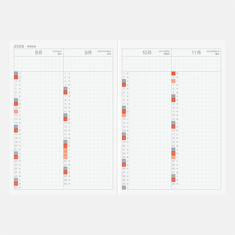 | Paper Type / Binding | Thin, light Tomoe River paper that is smooth to write on and designed for planners / Stitch-binding |
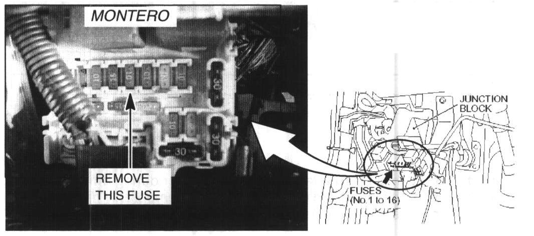 2. On Montero models, remove the red 10 amp fuse in the # 5 position. When I/M testing is complete, be sure to reinstall the fuse.
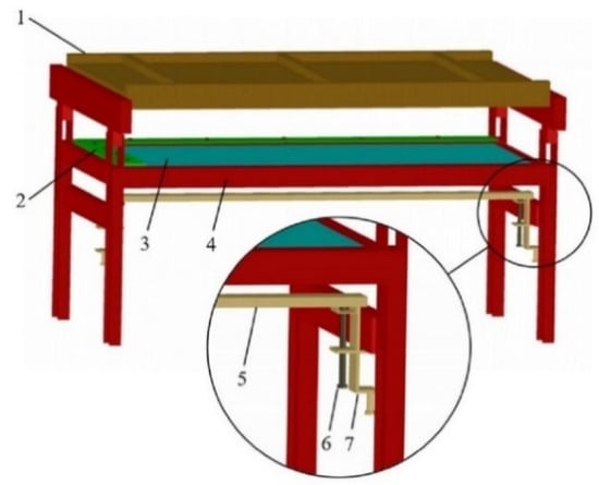 Test device. The symbols in the figure are as follows: (1) Reaction frame, (2) Fixed steel plates, (3) Glass, (4) Support frame, (5) Square steel pipe, (6) Screw, (7) Fixed buckle.
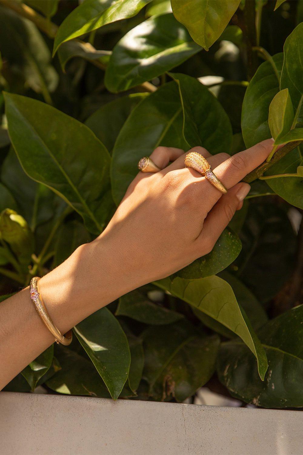 Meredith Young sunset stacking ring in yellow gold.

PROMPT
Reproduce the opening lines of the material above exactly, ending with the line that contains "2. On Montero". Omit every picture.

EXERCISE RESPONSE
 | Paper Type / Binding | Thin, light Tomoe River paper that is smooth to write on and designed for planners / Stitch-binding |
 2. On Montero models, remove the red 10 amp fuse in the # 5 position. When I/M testing is complete, be sure to reinstall the fuse.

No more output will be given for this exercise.